Sandra. He’d recognized her, then. He knew her. Except he didn’t. Not really. Nobody did, because she’d been raised to wear so many masks that she probably didn’t even know who she was. “Sandra’s not her name.”
That took him aback. “What is her name?”
“Hell if I know. Personally I think it’s either Esmerelda or Bertha. Or possibly Agnes.”
He considered, and then shrugged. “Sandra’s true name doesn’t matter. Only her soul.”
“Bullshit.”
He cocked his head at me. “What use are names?”
“You’re the one that leaves your initials everywhere. You tell me. And what about Jesus? God? Satan? Solomon? Mary? Are you going to tell me those names aren’t meaningful? It’s not like you’re going to start calling God ‘Larry’ or ‘Lance.’ That would be blasphemous, wouldn’t it?”
I had his full attention now. “What’s yours? Why are you here?”
I smiled ever so sweetly. “How about you call me God? I’m here to send you to hell where you belong.”
I barely saw his hand move. It shot out, and he snatched my jaw in a powerful grip. He twisted me around, wrapping his other arm around my neck.
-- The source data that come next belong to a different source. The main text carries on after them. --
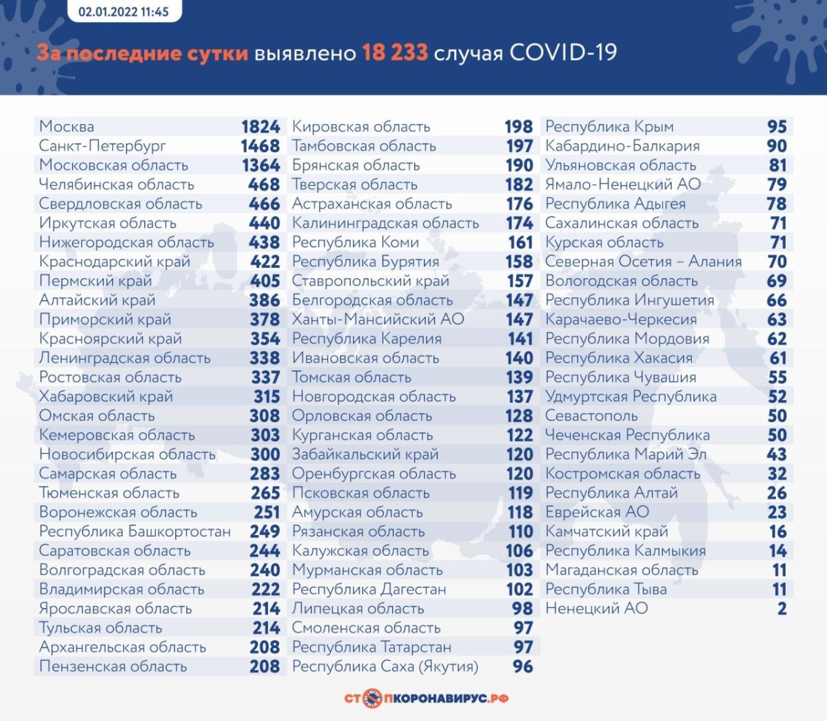 За последние сутки в России выявлено 18 233 случая COVID-19 в 84 регионах, из них 1 591 (8,7%) — активно у контактных лиц без клинических проявлений болезни❗️
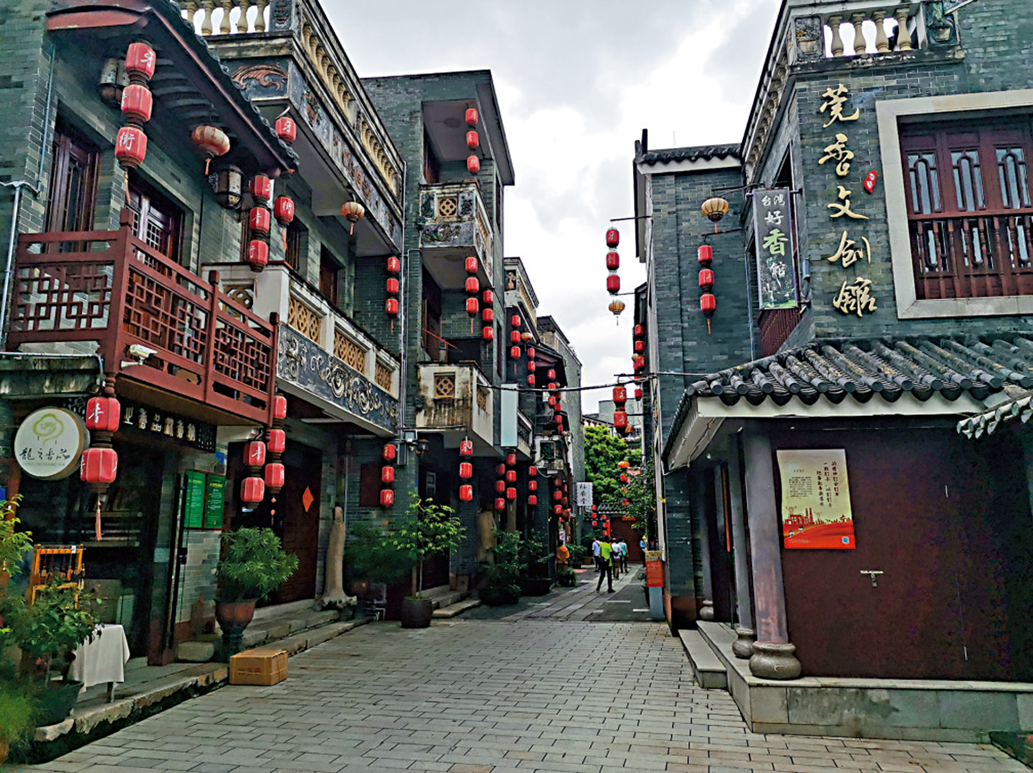 位於東莞市寮步鎮的牙香街,是國家級非物質文化遺產老街,彎曲的石板街道兩旁數十棟青磚黛瓦的古舊樓房,保留着明清時期的嶺南建築風格,外觀古樸清雅。遊客通過一座牌坊踏進這條古老街道,彷彿走進一條時光隧道,周圍飄溢着淡淡的「莞香」,令人心曠神怡,感覺奇妙。
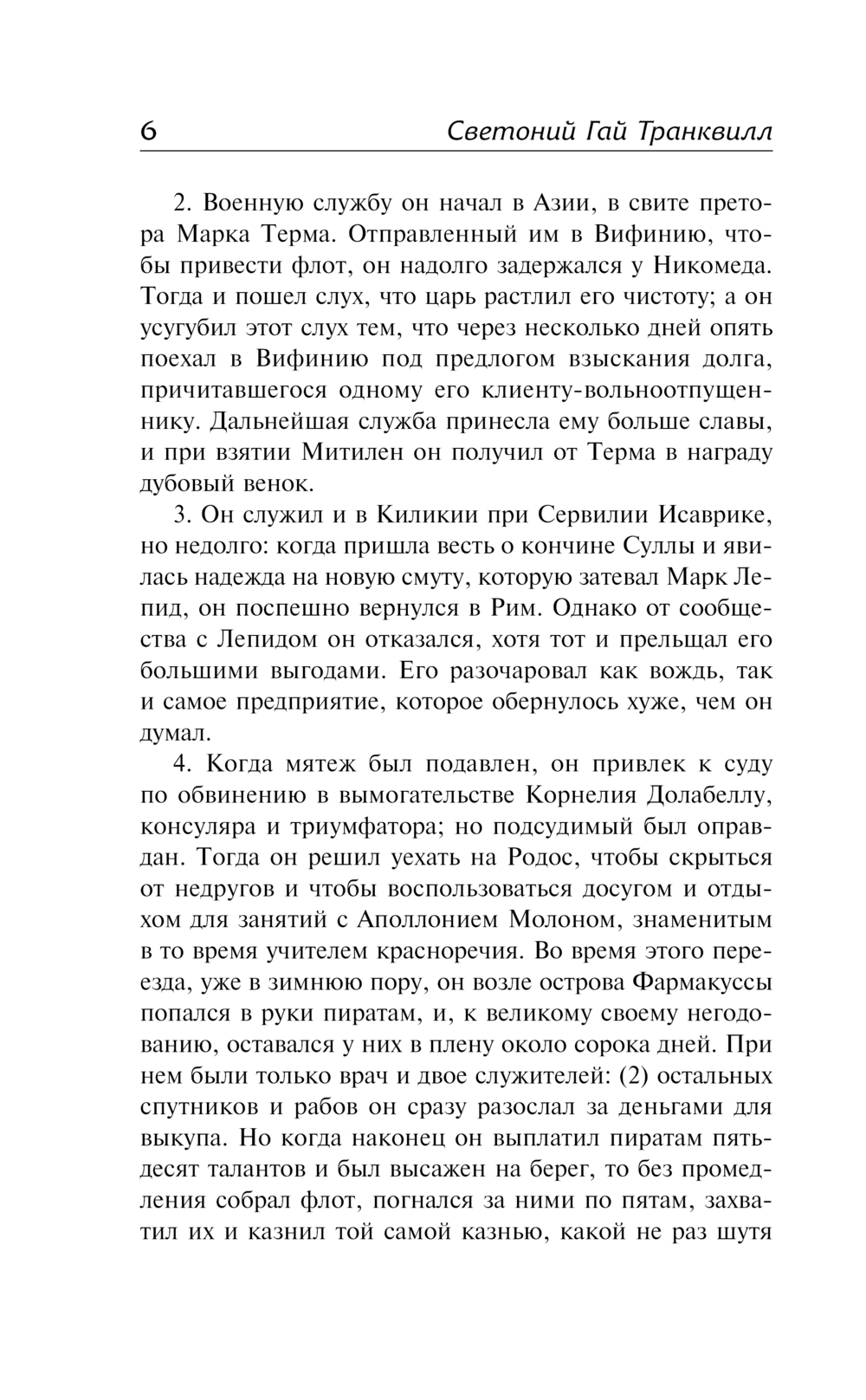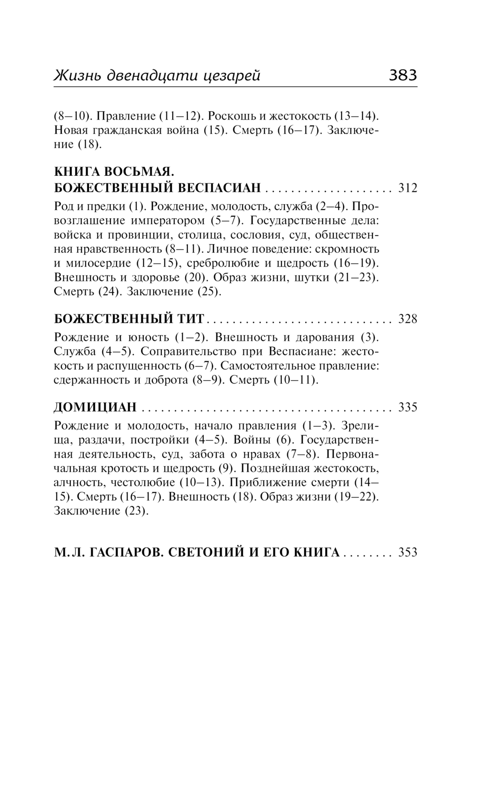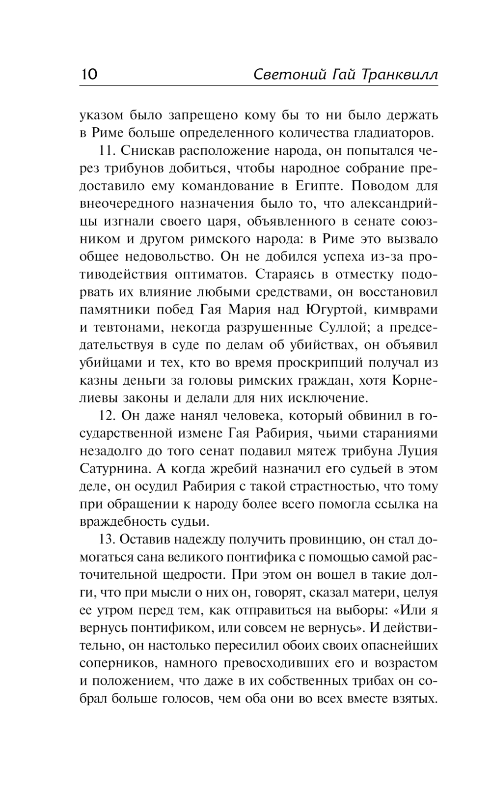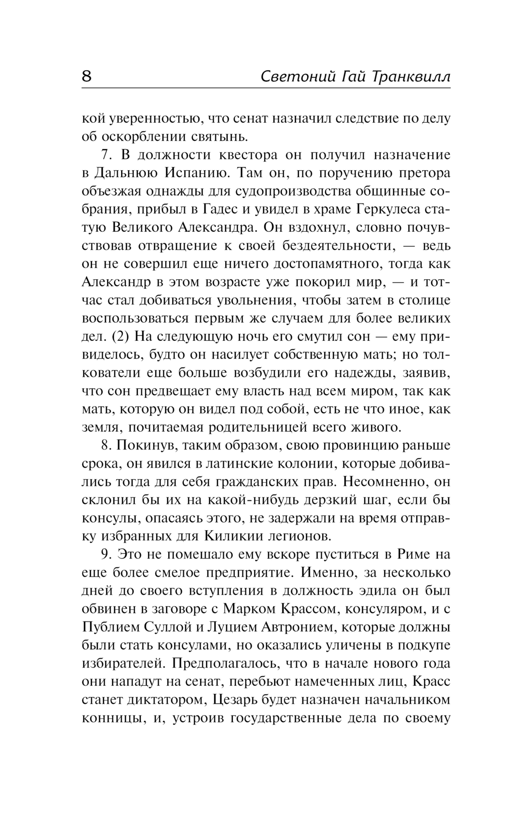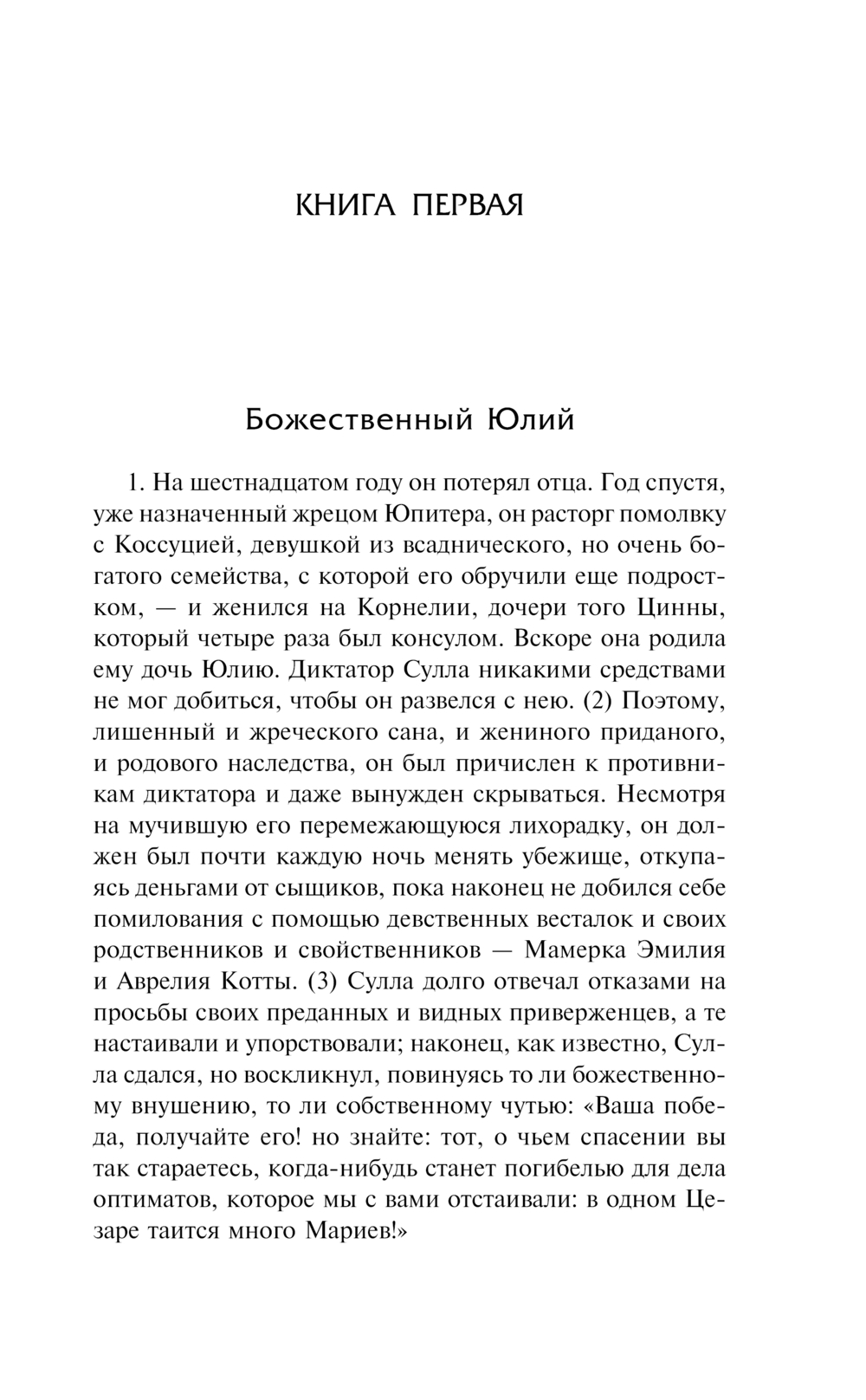 "Жизнь двенадцати цезарей" – известнейший памятник римской литературы первого века нашей эры, оказавший заметное влияние на европейскую культуру, и при этом один из основных источников нашего знания о наиболее скандальной и волнующей с точки зрения политики эпохе в истории Древнего Рима. Перед читателем пройдет вереница властителей мира – тиранов и полководцев, божественных героев и кровожадных сумасшедших – от Юлия Цезаря до императора Домициана. Текст проливает свет как на политические интриги, так и на интимную жизнь цезарей, сочетая увлекательность повествования с классической ясностью античного слога.
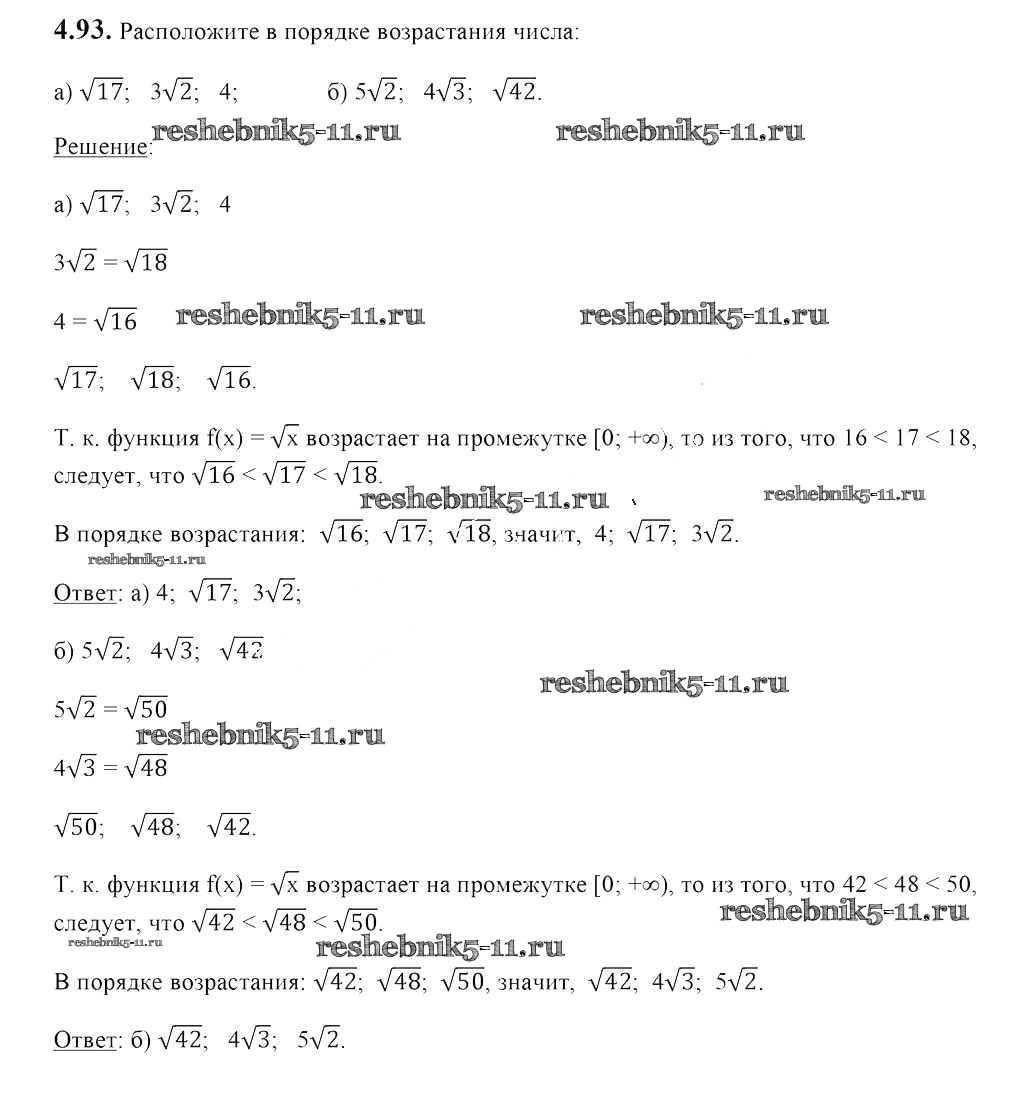 Готовая домашняя работа с ответами по Алгебре за 8 класс Арефьева, Пирютко Учебник Народная асвета 2018 ФГОС - Упражнения 4.93
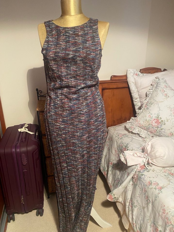 Bu dar kesim uzun elbise, yüksek yakalı ve kolsuz tasarımı ile piliseli dokunuşa sahip. Çok renkli batik desen, vintage bohem yırtmaçlı, boy 148 cm, etiketlidir
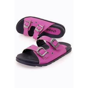 Descriçao: Modelo com duas fivelas na gáspea e detalhes de ilhós. O chinelo é um estilo que veio chegando de mansinho e ganhou o coração e a sapateria de todas as mulheres, ele deixa qualquer look estiloso e moderno.
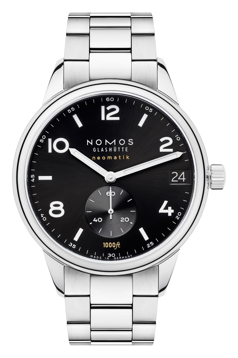 An entirely new version of Club—with a sense of adventure: this large NOMOS watch is water resistant to 1000 ft, or 30... atm. Equipped with the highly innovative and exceptionally precise neomatik date caliber and the new NOMOS bracelet, Club Sport neomatik 42 date black is a watch for the most modern of wrists.
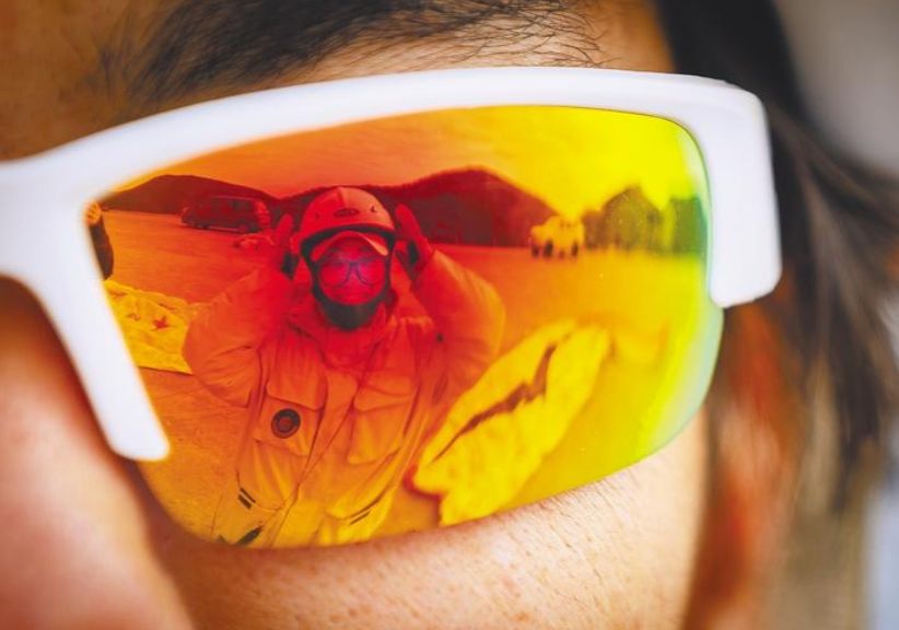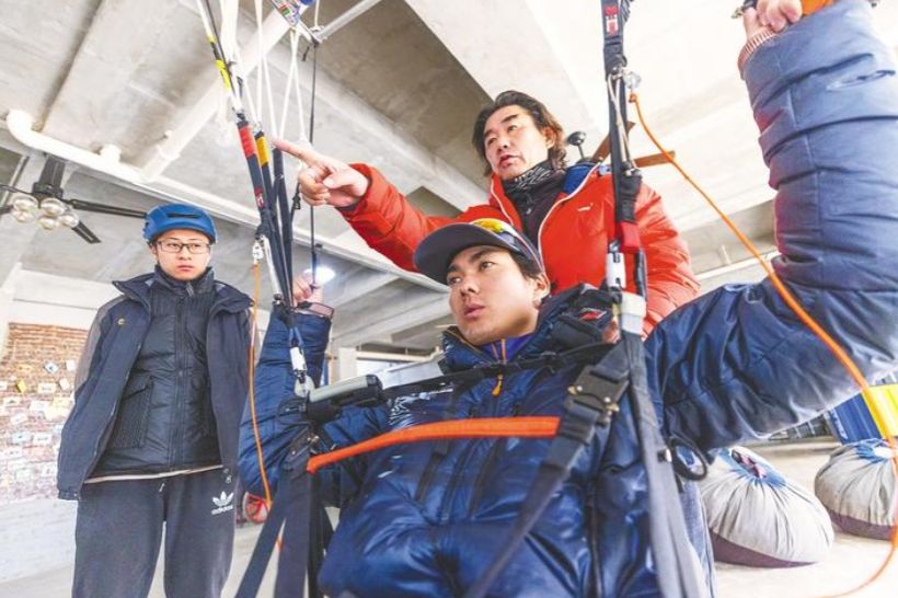 2月8日,起飛前,地大學生孟晴對著隊友炫酷的眼鏡調整頭盔。
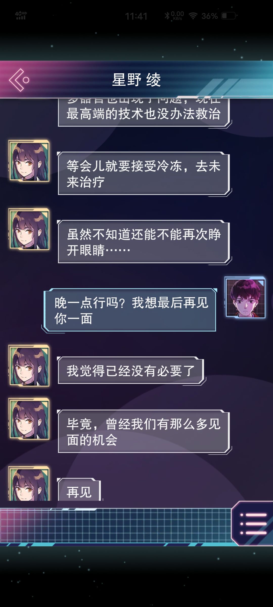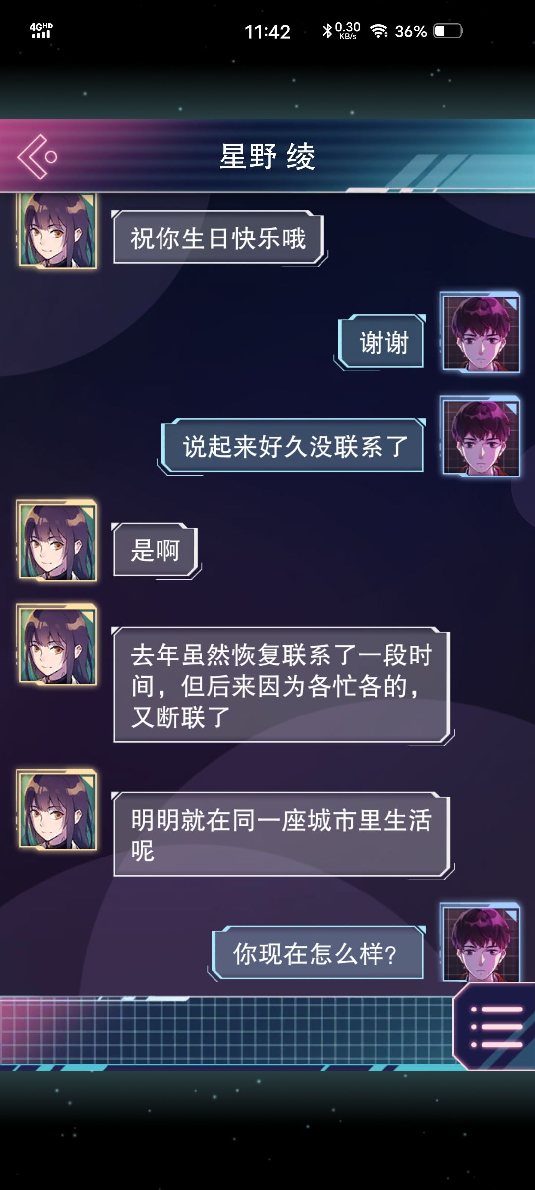恭喜达成成就“独行”,我看新野的剧情挺多的,应该就是女主了,我也跟她认真的保持关系,但是跟那个AI啊女土豪啊随便聊聊就好感提升,但是没想到生日那天...一切都太快了,如果没猜错应该是去不去古董店那里命运发生了改变吧,我还认真的攒了钱准备给她治疗,可她啊啊啊啊

“You are Lucifer’s handmaiden. You must die. Now.”
I’m pret
ty sure he did something tinkery then. I didn’t wait for him to realize it hadn’t worked, thanks to my belly null. I slammed my head backward into his face while simultaneously jamming my elbow into his ribs. He made a huffing sound, and his grip on my neck tightened. He punched the side of my head with his free hand. Pain clapped my skull and pierced my eardrum. Everything on that side sounded watery and distant.
I reached back and raked my nails over his face, then grabbed his head and tried to gouge his eyes with my thumbs. He thrust me away, shoving me to the floor and then jumped on top of me, straddling my hips and snatching at my neck.
I grabbed his wrists and pulled them apart as I sat up and head-butted his mouth. Blood spattered my forehead. I let go of his wrists and smashed my palms over his ears at the same time. He gave a sharp scream as blood ran out his ears. I put both hands together and gave a powerful jab into his throat. He made a whistling wheezing sound. I shoved him off me and lurched to my feet. I kicked him in the ribs three times until he curled up in the fetal position.
“Nice work.”
I looked up to see Price standing just a few feet away. His eyes were white, but the air around us was perfectly still. Too still for comfort. He was volcanic, but managing to keep himself under iron control. I wasn’t sure how long he could hold it. I felt the pressure building and thickening, making it hard to breathe. Normally I’d have asked what took him so long, but this was probably a bad time for jokes. Anyway, it couldn’t have been more than five or ten minutes since I got down here. He hadn’t taken all that long, especially given the shitstorm he was dealing with.
“Got anything to tie him up with?” I swiped at the blood dribbling down my nose from a cut in my forehead. From Matthew’s teeth, I supposed. My cheek and jaw ached from where he’d hit me. I might have had a loose tooth or two as well.
Price dug a pair of riot cuffs out of his pockets.